Produced by Octagon Theatre, Bolton

Octagon Theatre

February 3-March 4, 2023; 2hr 30min


Les Dennis (Rafe) and Mina Anwar (Daisy) in Spring and Port Wine at Octagon Theatre Bolton
Les Dennis (Rafe) and Mina Anwar (Daisy). All pics Pamela Raith Photography


Rafe Crompton is a difficult man. It is to him that his grown-up children must hand over their weekly pay packets. It is to him that his long-suffering wife Daisy must account for every penny of the housekeeping money she is allowed.

His impossibly high expectations, his word, his likes and dislikes govern the lives of this working class family and fuel the gossip of his disapproving neighbours.

So when Hilda, the youngest of his children, refuses to eat the mandated Friday tea of fried herring, it leads to an argument - with consequences none of them anticipates.

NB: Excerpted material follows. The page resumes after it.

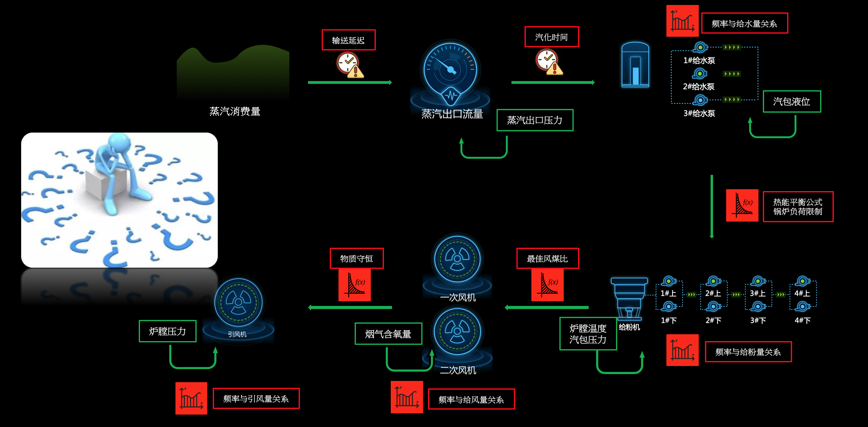 整個(gè)鍋爐控制過(guò)程是一個(gè)“非線性、強(qiáng)耦合、大延遲”的系統(tǒng),這種問(wèn)題對(duì)于人的理解和優(yōu)化操作是無(wú)法實(shí)現(xiàn)的,即使是使用基于機(jī)理的計(jì)算模型也很難計(jì)算的很清楚,如下圖展示了鍋爐控制的分解環(huán)節(jié)機(jī)器困難點(diǎn):
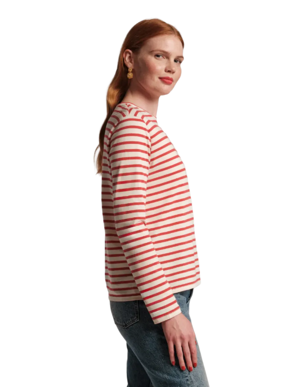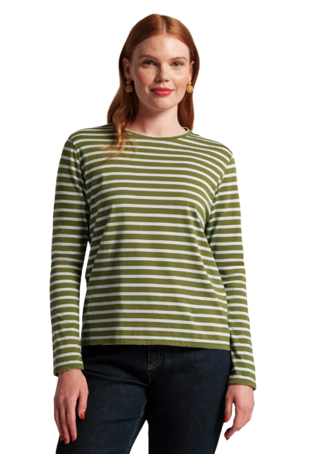 Our fan-favorite Long Sleeve Striped Tee Shirt is constructed in soft pima cotton, and is a great layering piece for chillier days or paired on its own with a pair of your favorite jeans for that effortlessly chic look.

Spring and Port Wine was written and is set in 1960s Bolton, where author Bill Naughton grew up. Fittingly back "home" in Bolton, at the Octagon, this production maintains its sensitivity, its drama and its humour. It is a play about the tensions that changing times bring between different generations. It is about truth, love and home.

Les Dennis – yes, he of Family Fortunes – takes the lead role and proves his versatility as an actor. He starts with the harshness of a bully, but we gradually see his warmth and, when he finally explains why he is the way he is, much tenderness.

Opposite him is Mina Anwar, who wowed local audiences as Shirley Valentine just before lockdown. As Daisy she is another woman who perhaps should escape, but she stands by her husband, even while recognising his faults. In the second act, when secrets are revealed, Mina Anwar really comes into her own, including demonstrating strong comic timing.

Adding to the comedy is Isabel Ford as scrounging neighbour Betsy-Jane, looking just like Hilda Ogden from the Coronation Street of the period.

Cast members playing the younger generation bring much energy to the play. The fondness, teasing and bickering within families feel very real.

A special mention goes to Natalie Blair as Hilda in her professional theatre debut. As the stroppy teenager of the type we all know and love, she is the catalyst that brings about often painful self awareness and reconciliation.

Director Lotte Wakeham and the Octagon have another success on their hands.